[Data excerpts]

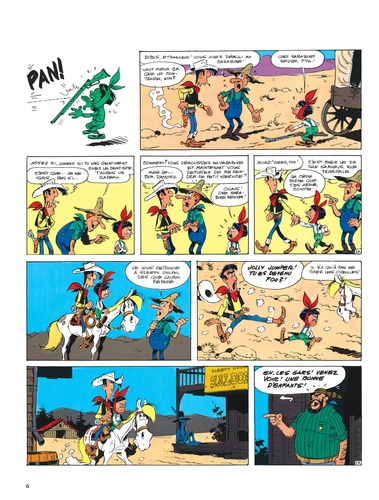 Ce personnage immortel parcourt depuis 1946 l'histoire de l'ouest américain. Il y a rencontré des personnages célèbres (Jesse James, Calamity Jane, Billy the Kid, Sarah Bernhardt...). Lucky Luke est l'homme des missions impossibles, le défenseur des pauvres, des veuves et des orphelins, bref le parfait héros ! Son cheval, Jolly Jumper, est un parfait compagnon de ce "poor lonesome cowboy". Les frères Dalton se dressent perpétuellement sur le chemin de Lucky Luke ce qui permet à ce dernier de les poursuivre continuellement et de les confier à la justice. Autre personnage traditionnel de la série : Rantanplan, le chien le plus bête du farwest qui a vécut de façon autonome 2 albums. Lucky Luke est, avec Astérix et Tintin, le plus célèbre personnage de l'histoire de la BD : cette série, accessible à tous, est devenu un mythe grâce à Morris et Goscinny. Ce personnage a fait l'essentiel de sa formidable carrière dans les pages de SPIROU, PILOTE et LE JOURNAL DE LUCKY LUKE. Une exploitation merchandising et audiovisuelle (dont aux Etats-Unis) a permis d'introduire Lucky Luke auprès d'une très large couche de la population et auprès de plusieurs générations de lecteurs. A noter qu'après la disparition de Goscinny, plusieurs scénaristes ont travaillé sur la série : Vicq, De Groot, Fauche et Léturgie, Lodewijk, Lo Hartog Van Banda et Vidal. L'essentiel des albums se trouvent chez Dupuis et Dargaud. , la nouveauté chez Lucky Productions.
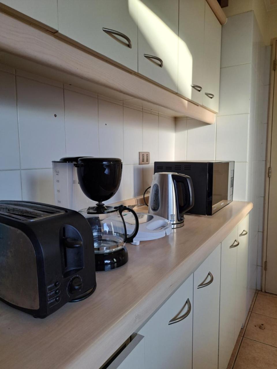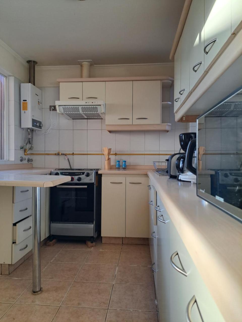 Cocina: Mesa de comedor. Utensilios de cocina. Hervidor eléctrico. Nevera
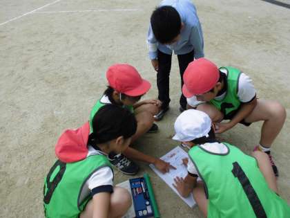 今週から体育は「リレー学習」です。まずは自分たちのチームのベストオーダーを見つけようと、レースごとに走順を並び替えてタイムを計っています。そしてそのタイムを左右するのが、何よりもバトンパスというわけで、各チームバトンパスの練習もがんばっています。
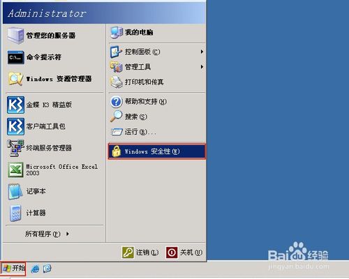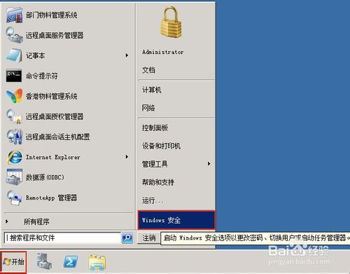 1、在远程桌面,点击左下角的开始菜单,点击“Windows 安全性”。
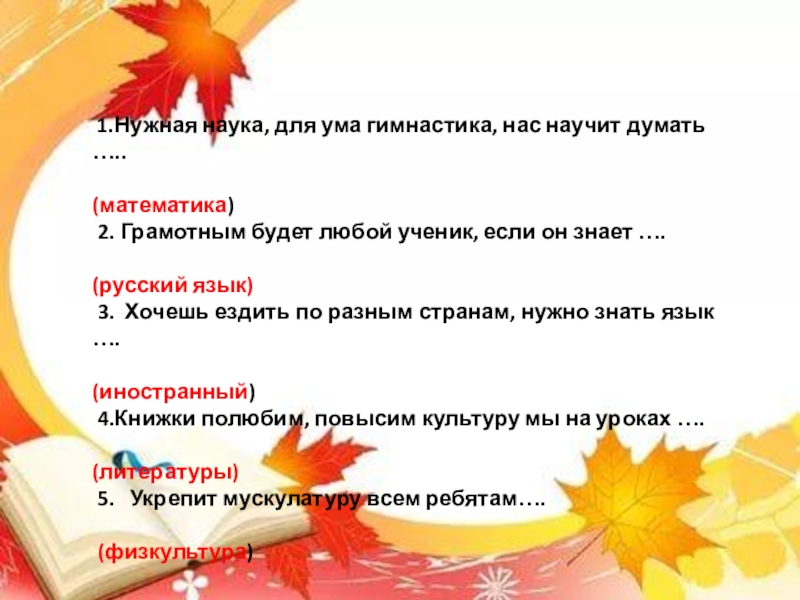 1.Нужная наука, для ума гимнастика, нас научит думать ….. (математика) 2. Грамотным будет любой ученик, если

Exercise requirements: Return every entry word for word, minus the pictures.

Result of the task:
 Ce personnage immortel parcourt depuis 1946 l'histoire de l'ouest américain. Il y a rencontré des personnages célèbres (Jesse James, Calamity Jane, Billy the Kid, Sarah Bernhardt...). Lucky Luke est l'homme des missions impossibles, le défenseur des pauvres, des veuves et des orphelins, bref le parfait héros ! Son cheval, Jolly Jumper, est un parfait compagnon de ce "poor lonesome cowboy". Les frères Dalton se dressent perpétuellement sur le chemin de Lucky Luke ce qui permet à ce dernier de les poursuivre continuellement et de les confier à la justice. Autre personnage traditionnel de la série : Rantanplan, le chien le plus bête du farwest qui a vécut de façon autonome 2 albums. Lucky Luke est, avec Astérix et Tintin, le plus célèbre personnage de l'histoire de la BD : cette série, accessible à tous, est devenu un mythe grâce à Morris et Goscinny. Ce personnage a fait l'essentiel de sa formidable carrière dans les pages de SPIROU, PILOTE et LE JOURNAL DE LUCKY LUKE. Une exploitation merchandising et audiovisuelle (dont aux Etats-Unis) a permis d'introduire Lucky Luke auprès d'une très large couche de la population et auprès de plusieurs générations de lecteurs. A noter qu'après la disparition de Goscinny, plusieurs scénaristes ont travaillé sur la série : Vicq, De Groot, Fauche et Léturgie, Lodewijk, Lo Hartog Van Banda et Vidal. L'essentiel des albums se trouvent chez Dupuis et Dargaud. , la nouveauté chez Lucky Productions.
 Cocina: Mesa de comedor. Utensilios de cocina. Hervidor eléctrico. Nevera
 今週から体育は「リレー学習」です。まずは自分たちのチームのベストオーダーを見つけようと、レースごとに走順を並び替えてタイムを計っています。そしてそのタイムを左右するのが、何よりもバトンパスというわけで、各チームバトンパスの練習もがんばっています。
 1、在远程桌面,点击左下角的开始菜单,点击“Windows 安全性”。
 1.Нужная наука, для ума гимнастика, нас научит думать ….. (математика) 2. Грамотным будет любой ученик, если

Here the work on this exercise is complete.